[TASK TO COMPLETE]
In the material below, find the line containing "КЛАВДИЯ ШУЛЬЖЕНКО - пластинка" and the line containing "Zakładka do książki". Output those two lines and all lines between them exactly, without pictures.
↓↓↓
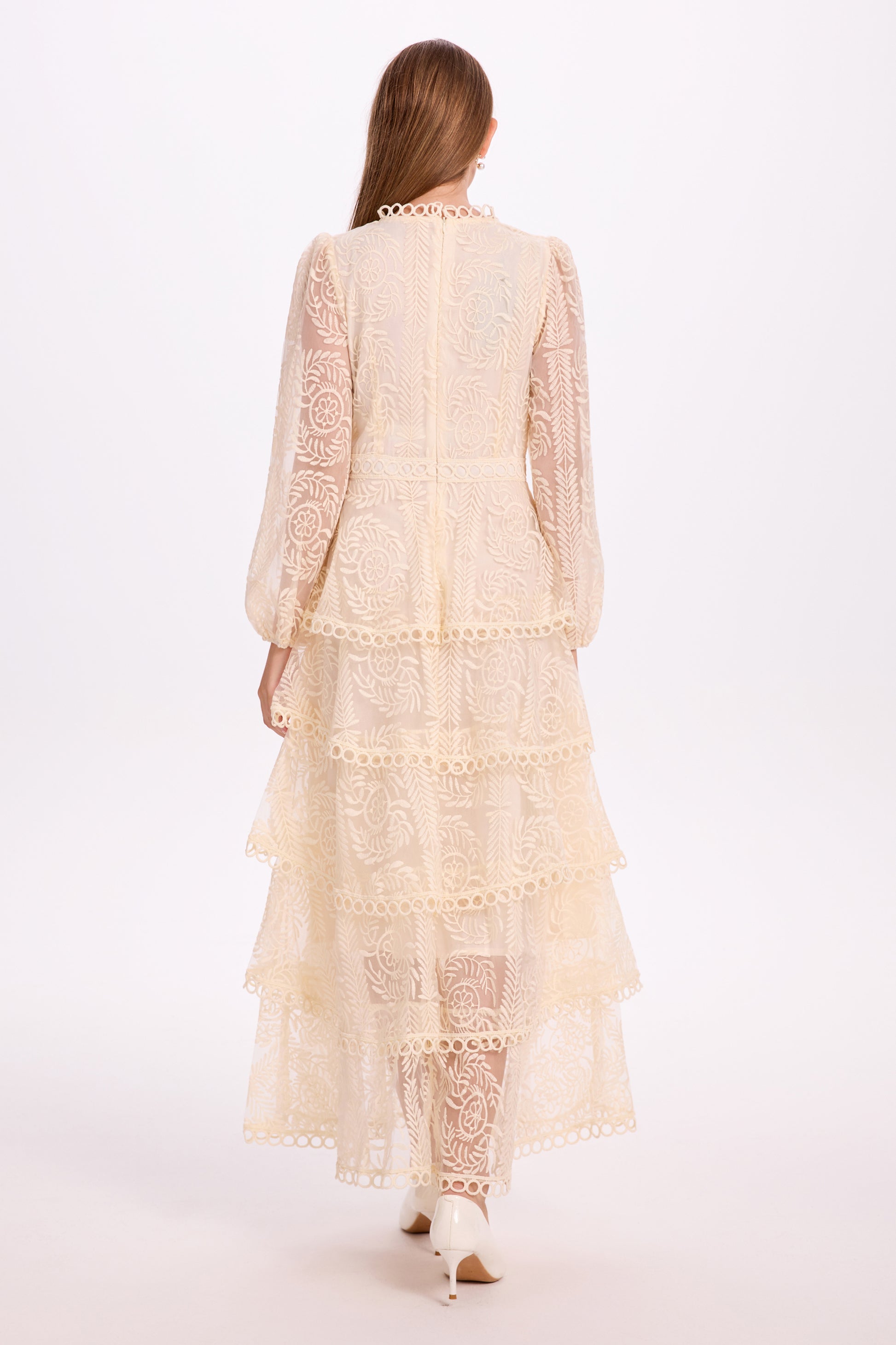 Women's Mesh Embroidery Ruffle Tiered Layered Maxi Dress
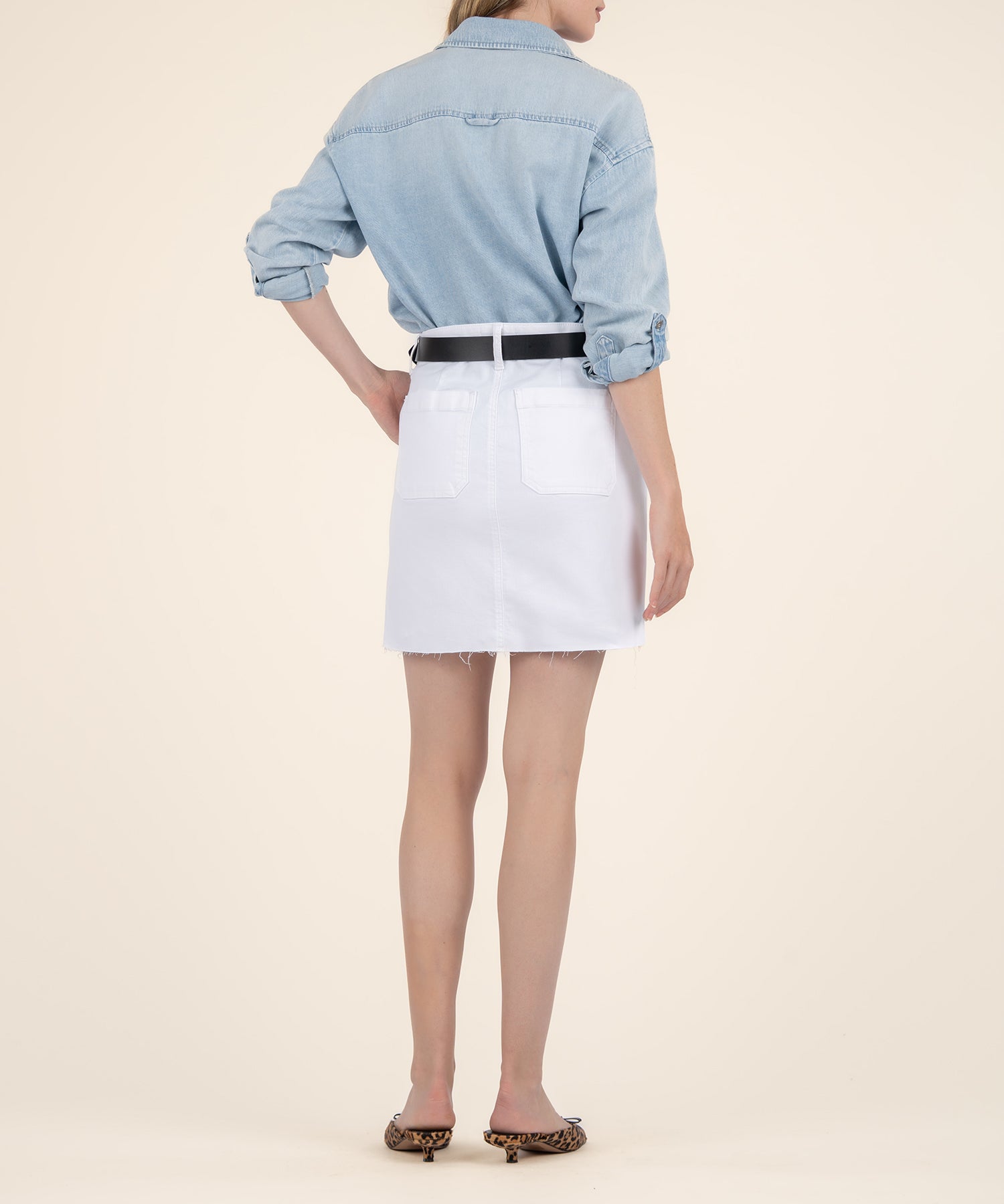 • This skirt features a stylish raw hem and a unique porkchop pocket for a touch of functional flair. Its timeless design makes it the perfect addition to any casual wardrobe.
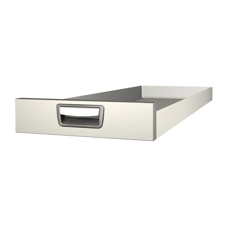 Robuste, extralange Schublade für den Einbau in einem Schubladenmodul. Die aus Aluminium gefertigte Schublade ist serienmäßig kugelgelagert. Die Mischung aus festen und flexiblen Lagern macht die Schublade stabil und einfach zu bedienen.
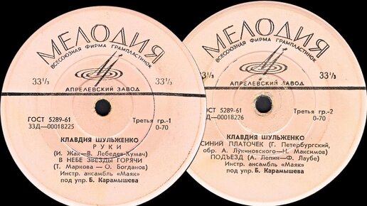 КЛАВДИЯ ШУЛЬЖЕНКО - пластинка Миньон 33Д-00018225-6
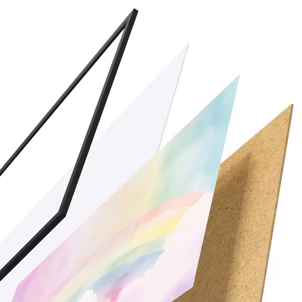 El póster consta de marco, plexiglás, imagen impresa y soporte de aglomerado. El póster puede colgarse inmediatamente en la pared gracias a los soportes de la parte posterior.
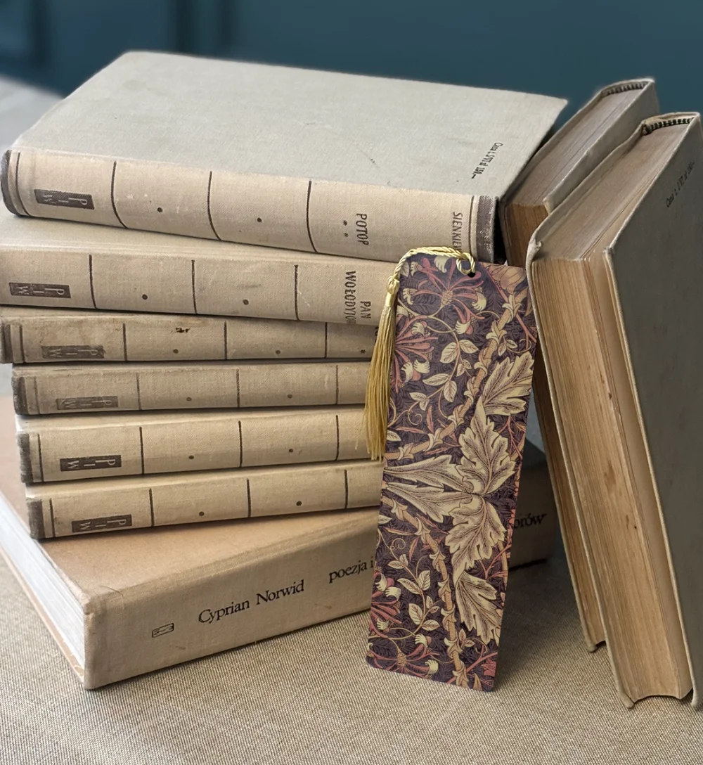 Zakładka do książki z obrazem Tkanina z wiciokrzewem William Morris
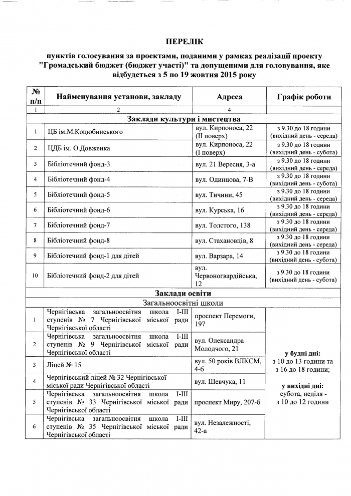 В основном это школы и библиотеки в разных районах города. Наши проекты находятся в таком голубом бюллетене под номерами 4, 5 и 14. Это проекты "Зелена Сцена" и "Литера", а также установка многострадальной малой крытой городской сцены, так необходимой городу.
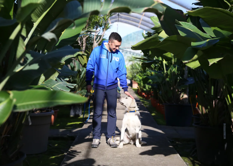 On a sunny winter morning, the dog trainer Mario Fortebraccio slowly bends toward a line of potted olive trees and indicates it with his hand. Waiting for that signal, Paco, a three-year-old white Labrador, rushes through the row of plants with his head tilted, sniffing each pot at the root, the rhythm of his inhaling echoing through the greenhouse. The dog is carefully scouting for something humans can't sense.
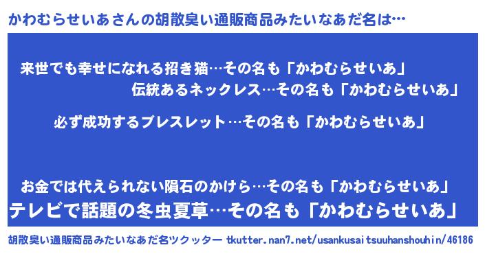 | 可愛いあだ名 | 『かんかん』『かわむらせいあママ』 |
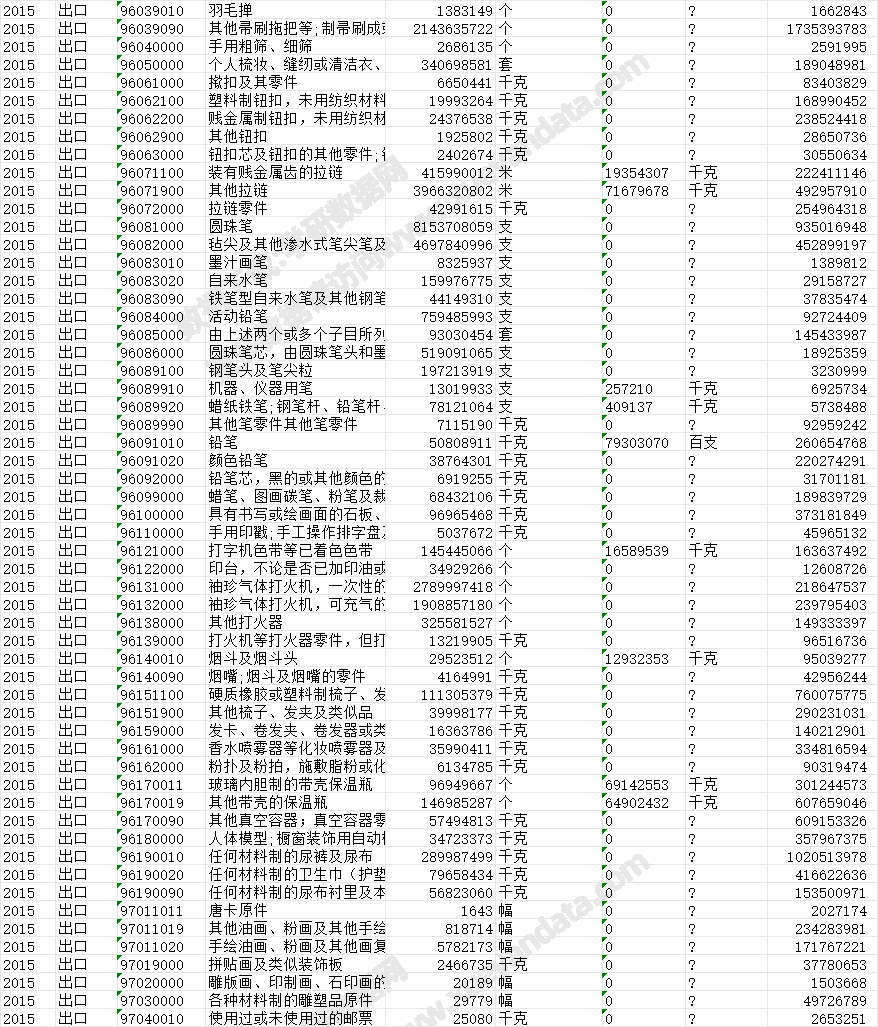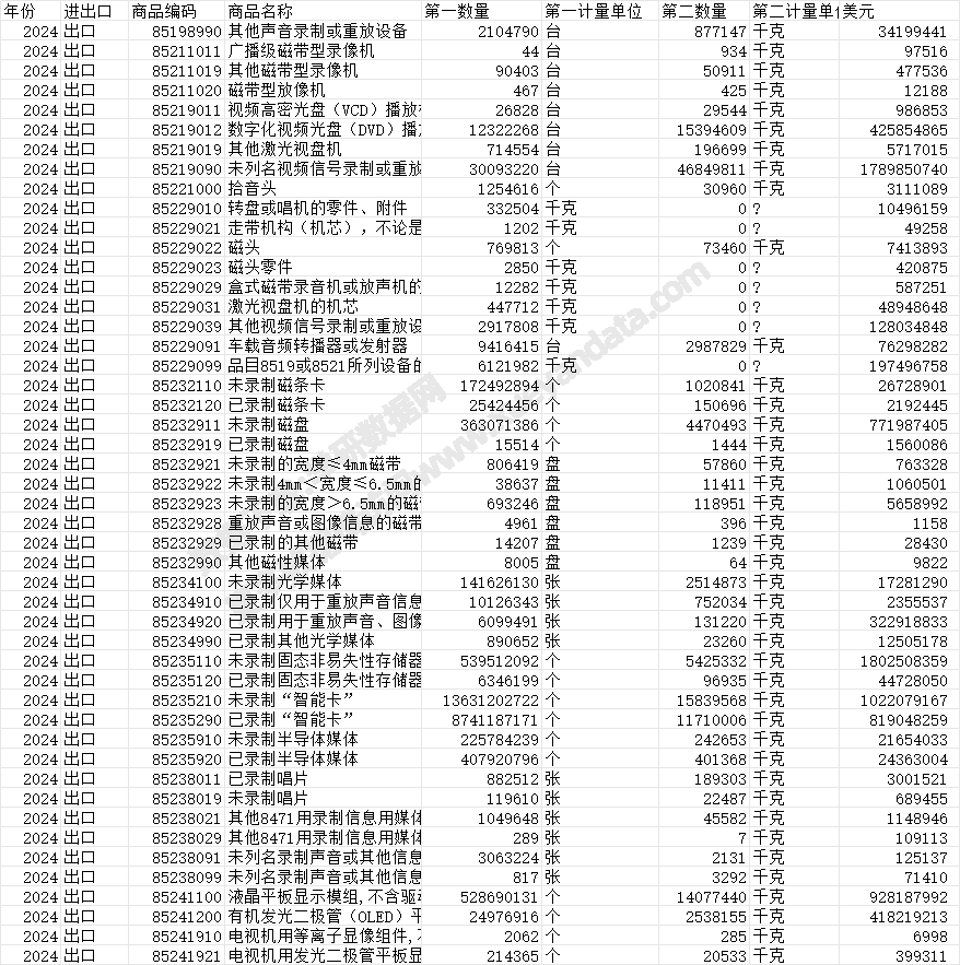 年份 出口 商品编码 商品名称 第一数量 第一计量单位 第二数量 第二计量单位 美元
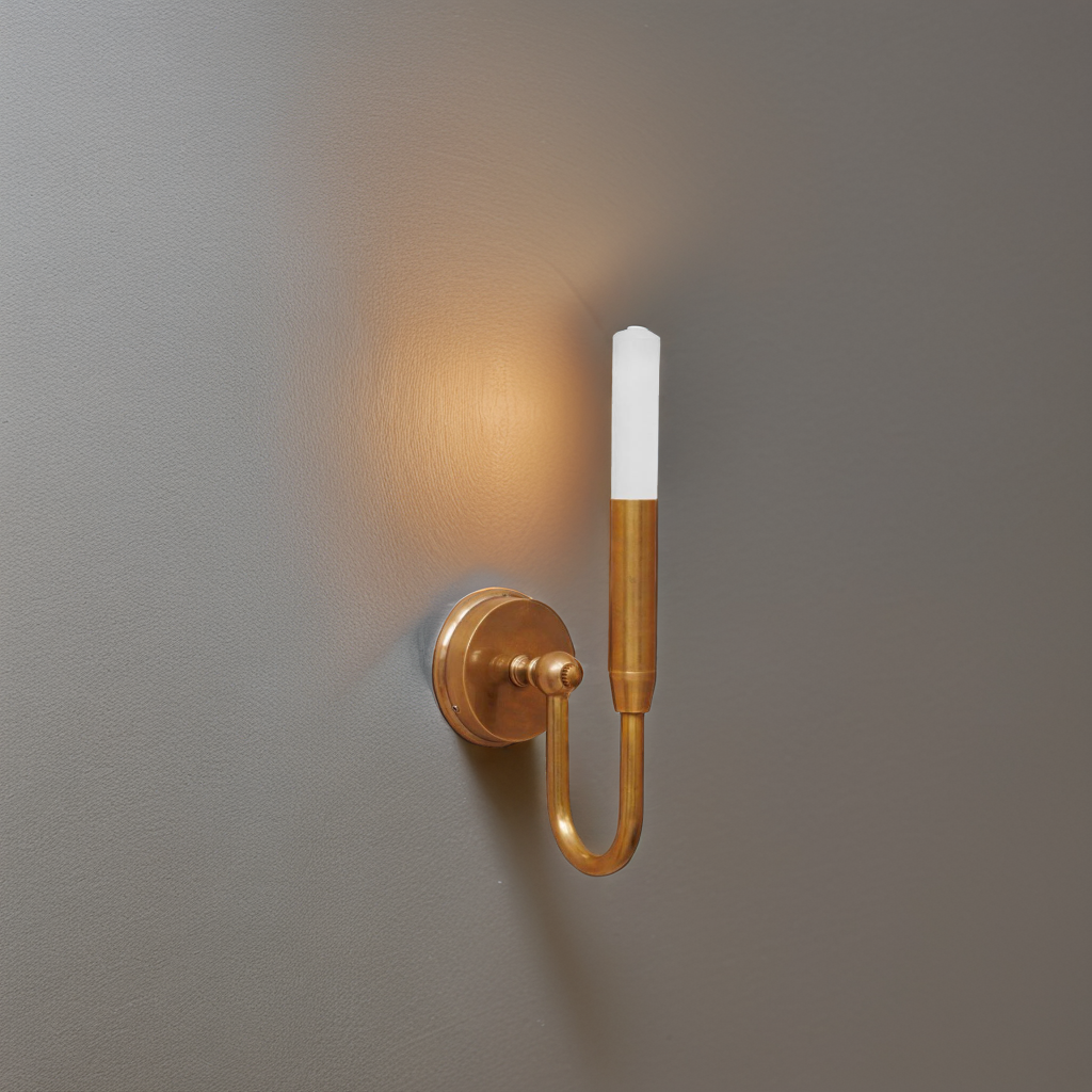 Elli, die Wandleuchte im Vintage Stil, beeindruckt mit ihrer Kombination aus hochwertigem Messing und klarem Acrylglas. Die Wandleuchte bringt mit ihrem klassischen Design einen Hauch von Nostalgie in dein Zuhause.
↑↑↑
[PROBLEM SOLUTION]
 КЛАВДИЯ ШУЛЬЖЕНКО - пластинка Миньон 33Д-00018225-6
 El póster consta de marco, plexiglás, imagen impresa y soporte de aglomerado. El póster puede colgarse inmediatamente en la pared gracias a los soportes de la parte posterior.
 Zakładka do książki z obrazem Tkanina z wiciokrzewem William Morris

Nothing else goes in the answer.